Tuesday, August 25, 2009

The prairie underscores the bright blue
of the 10 a.m. sky and a train slices
the whole scene diagonally:

running beside the long straight
black of route 66

carrying the cogs to some massive
machine that makes another part
of the world run

but not this part

if every train stopped and every
telephone pole fell and all the
wires tangled in sparks on the
ground, nothing would change here.

These red rocks
thick clay
scrub bushes
lean hawks
don't mind.

1 comment:

nckhrkman said...

i really like the contrast of geometry in this. the scene feels like all lines and sharp edges at the top, and then rounded and earthy at the end. you take it one step further with the contrast of color with the black road and the red rocks. there appears to be this wonderfully passive conflict at work with the natural and man-made worlds. i enjoy this understated conflict even more than the imagined apocalyptic scenario that you create.

i feel like this is either half of a poem or one-and-a-half of a poem. i would pull out the end of the world vision and allow the subtle contrasts to play with each other, or i would introduce more of a personal, playful voice with the speaker as he or she imagines the crumbling mechanical world, something to allow for an injection of light-hearted human emotion and insight.

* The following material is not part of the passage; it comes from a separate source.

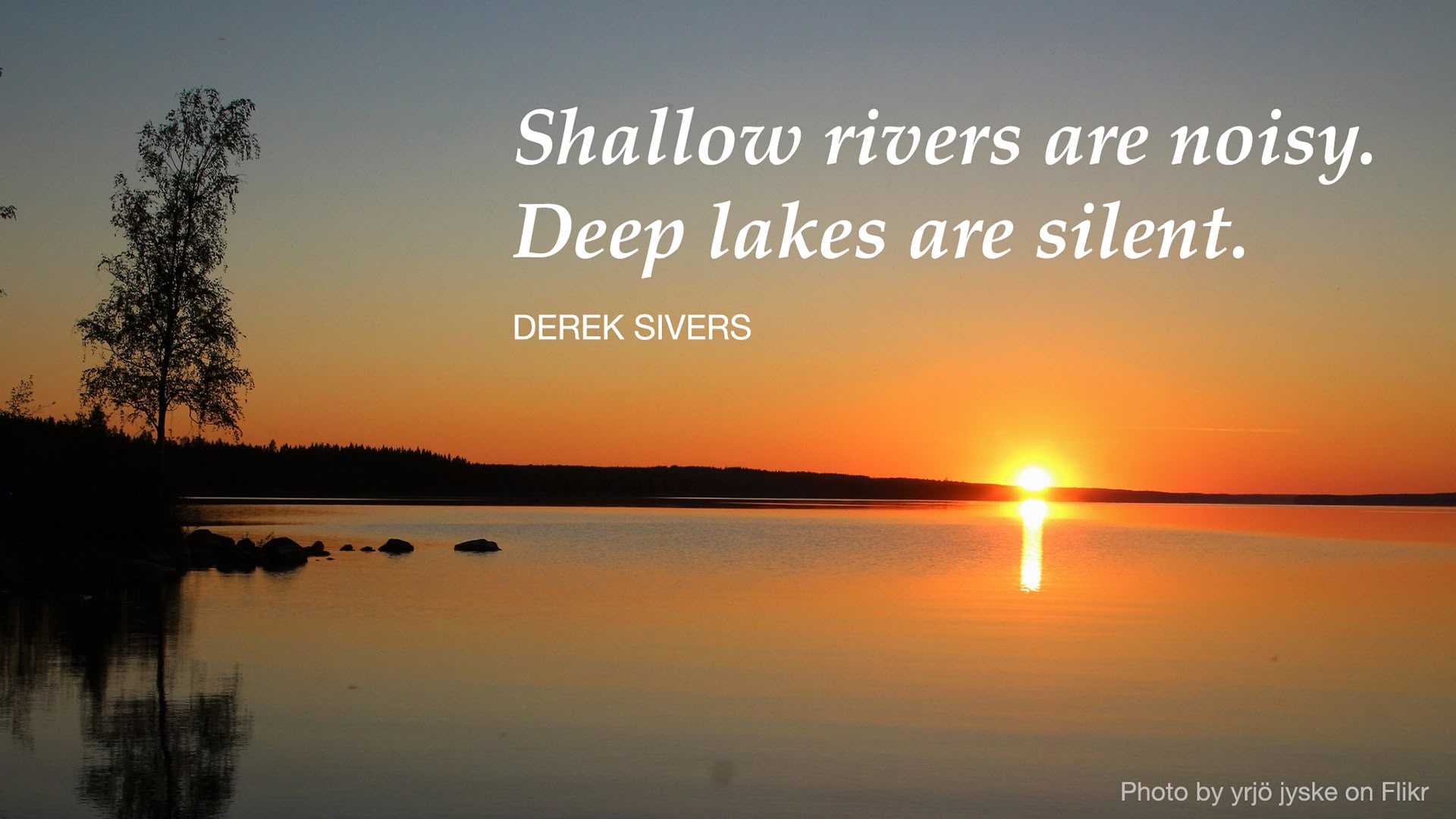I guess I shouldn’t have taken the title so literally. How to Live sounds like it is going to have some profound insights into the nature and meaning of life. But it doesn’t have that. This is a shallow book. In fact it isn’t really a book, it’s more of a list. A list of little deepities1. The kind of statements you’ll find on an instagram feed, or you used to see on motivation posters in dull offices. If you like pictures of sunsets with cheesy quotes on them, this book is for you. In fact, let’s try that with one of the statements from this book. First I need a peaceful image of a still lake at sunset with an attribution license. Here you go. Now let’s add some text from Siver’s book. Tada:

motion is also a key component to the conflicts you've created. you've already got the contrast of geometry and color, but i think reinforcing the contrast of motion could also be really cool. all of the movement is currently being done by the mechanical world, and the natural world sits statically at the end. this in itself is a contrast, but i think it could be strengthened by some verbs that imply lethargy or stillness at the conclusion. i am also a little fuzzy on the perspective of the speaker. i think the implication in the first two stanzas is that the speaker is in a moving car, but that may need to be reinforced. if you opt to bring in more of the speaker, i would toss in that detail. if you opt to cut the speaker out, i think the implicit contrast of the moving mechanical vs. the unmoving natural will work on its own.

i love the phrase 'lean hawks.'

i'm stuck for a title, but i would aim for something dramatic or even bellicose. something to set the reader up for a conflict that they won't be expecting.